# What you have to do
What you return should be every line below, word for word, and none of the images.

○ ○ ○ ○ ○ ○ ○

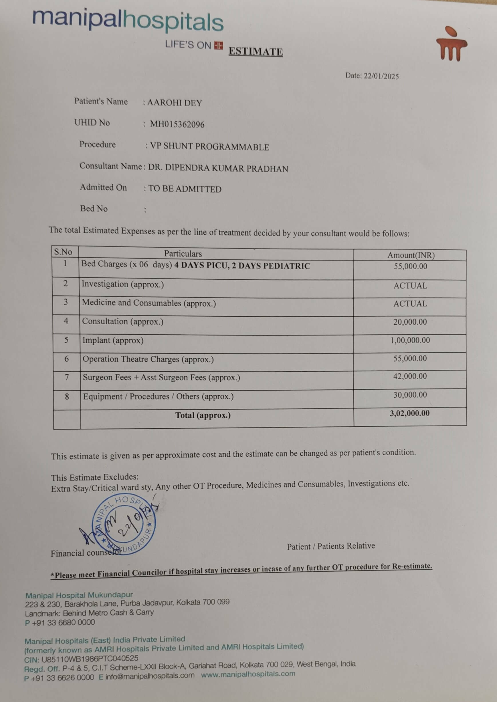 Aarohi Dey is currently hospitalized at Manipal Hospital and is scheduled to undergo surgery tomorrow.
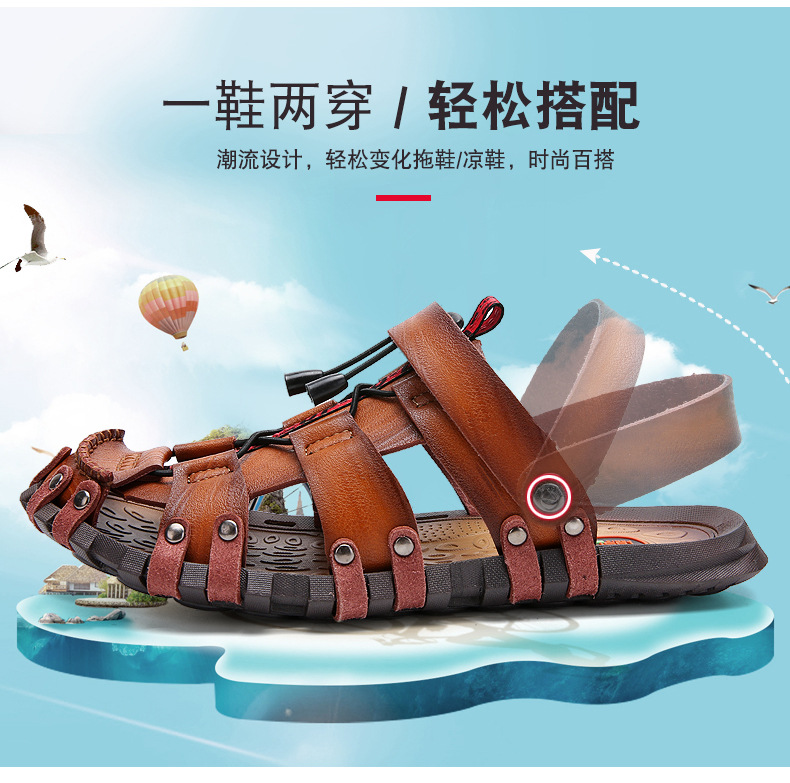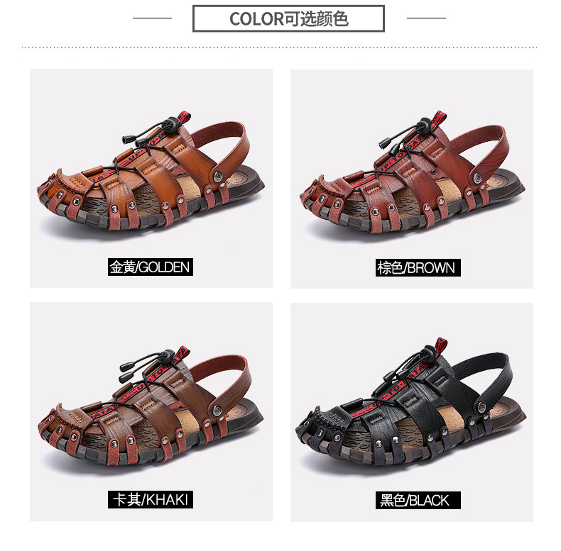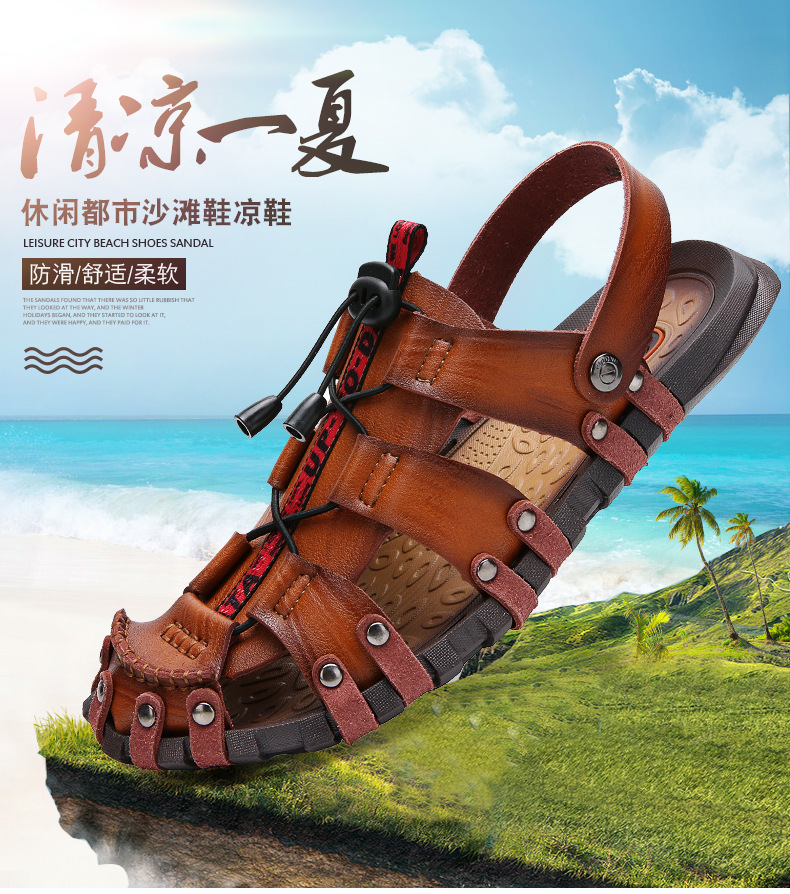 여름 남성 샌들 대외 무역 플러스 사이즈 통기성 샌들 복고풍 국경 남성 가죽 샌들 야외 남성 비치 샌들스토어 가기
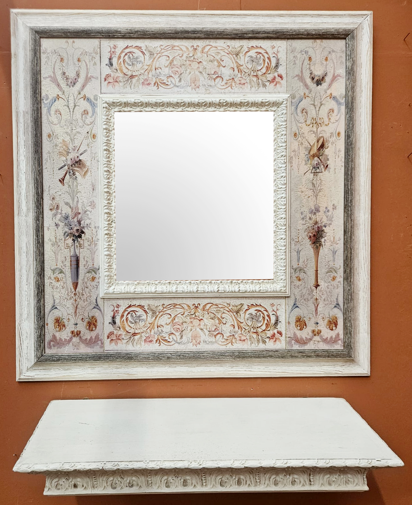Specchio in legno con doppia cornice bianco provenzale, con passepartout con decoro simil dipinto cm 40x38 misura interna e cm 78x80 misura esterna.
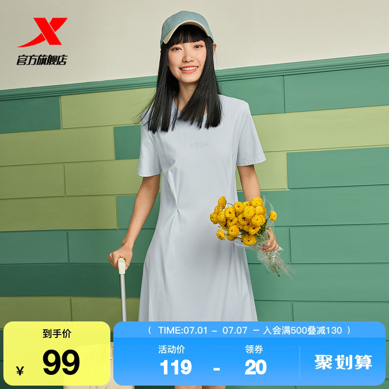 特步連衣裙夏季新款官方正品領翻領純棉條紋休閑百搭顯瘦運動裙子
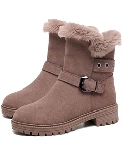 Женские зимние ботинки, зимняя обувь, теплые с искусственным мехом, с круглым носком, низким каблуком, боковой молнией, уличные, противоскользящие короткие ботильоны, Brown2
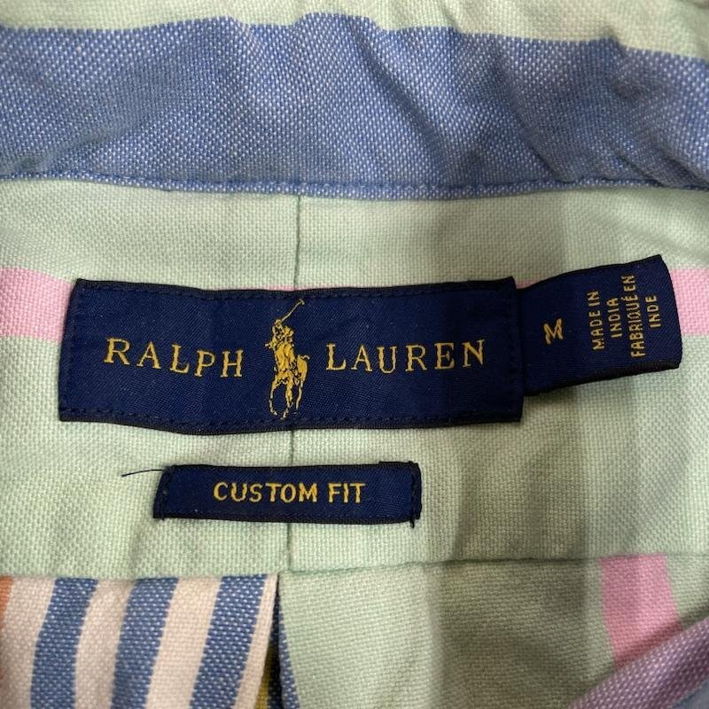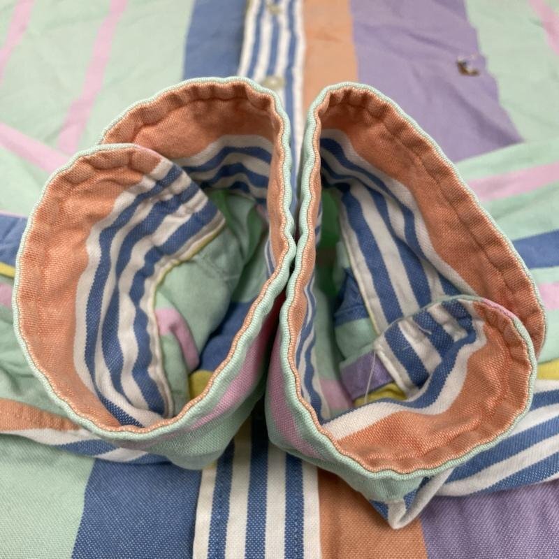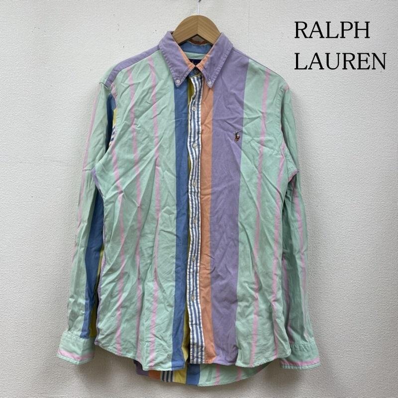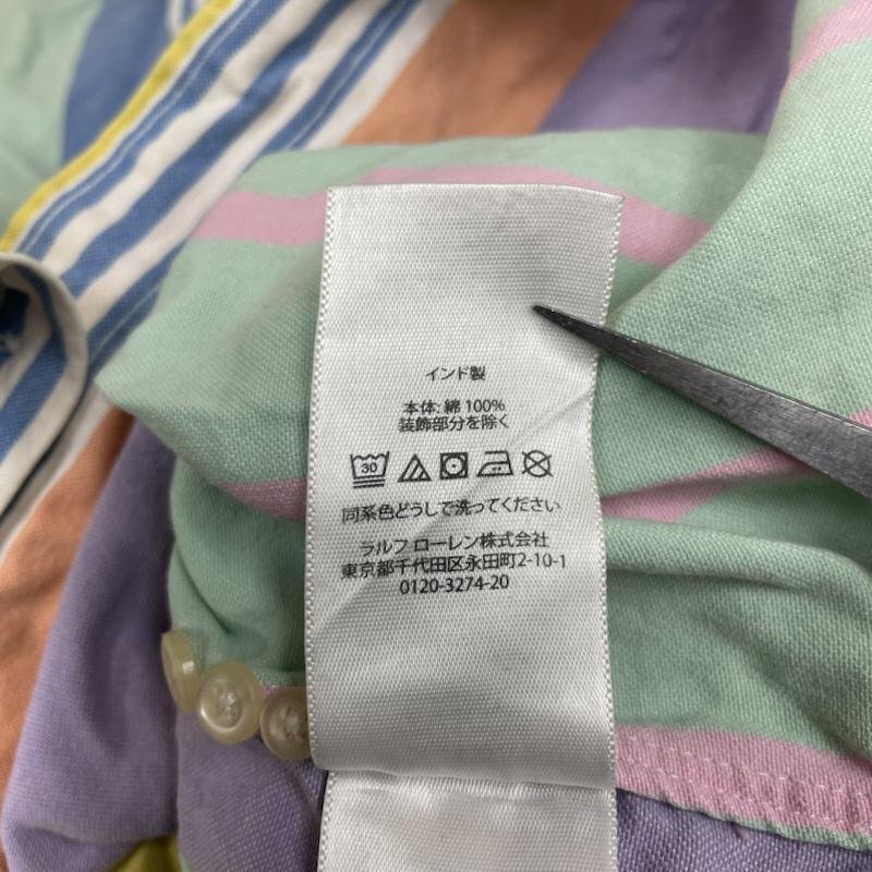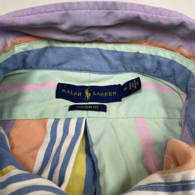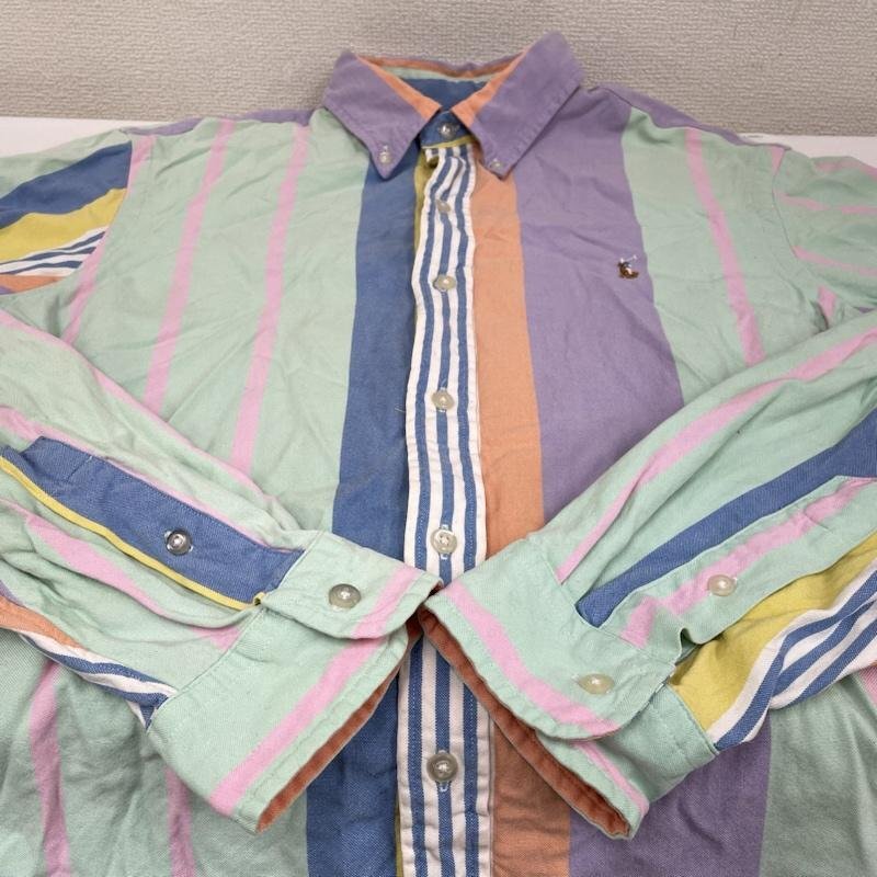 ラルフローレン 長袖 パステルカラー マルチストライプ ボタンダウン シャツ ロゴ 刺繍 ワンポイント M

○ ○ ○ ○ ○ ○ ○

# Result below
 Aarohi Dey is currently hospitalized at Manipal Hospital and is scheduled to undergo surgery tomorrow.
 여름 남성 샌들 대외 무역 플러스 사이즈 통기성 샌들 복고풍 국경 남성 가죽 샌들 야외 남성 비치 샌들스토어 가기
Specchio in legno con doppia cornice bianco provenzale, con passepartout con decoro simil dipinto cm 40x38 misura interna e cm 78x80 misura esterna.
 特步連衣裙夏季新款官方正品領翻領純棉條紋休閑百搭顯瘦運動裙子
 Женские зимние ботинки, зимняя обувь, теплые с искусственным мехом, с круглым носком, низким каблуком, боковой молнией, уличные, противоскользящие короткие ботильоны, Brown2
 ラルフローレン 長袖 パステルカラー マルチストライプ ボタンダウン シャツ ロゴ 刺繍 ワンポイント M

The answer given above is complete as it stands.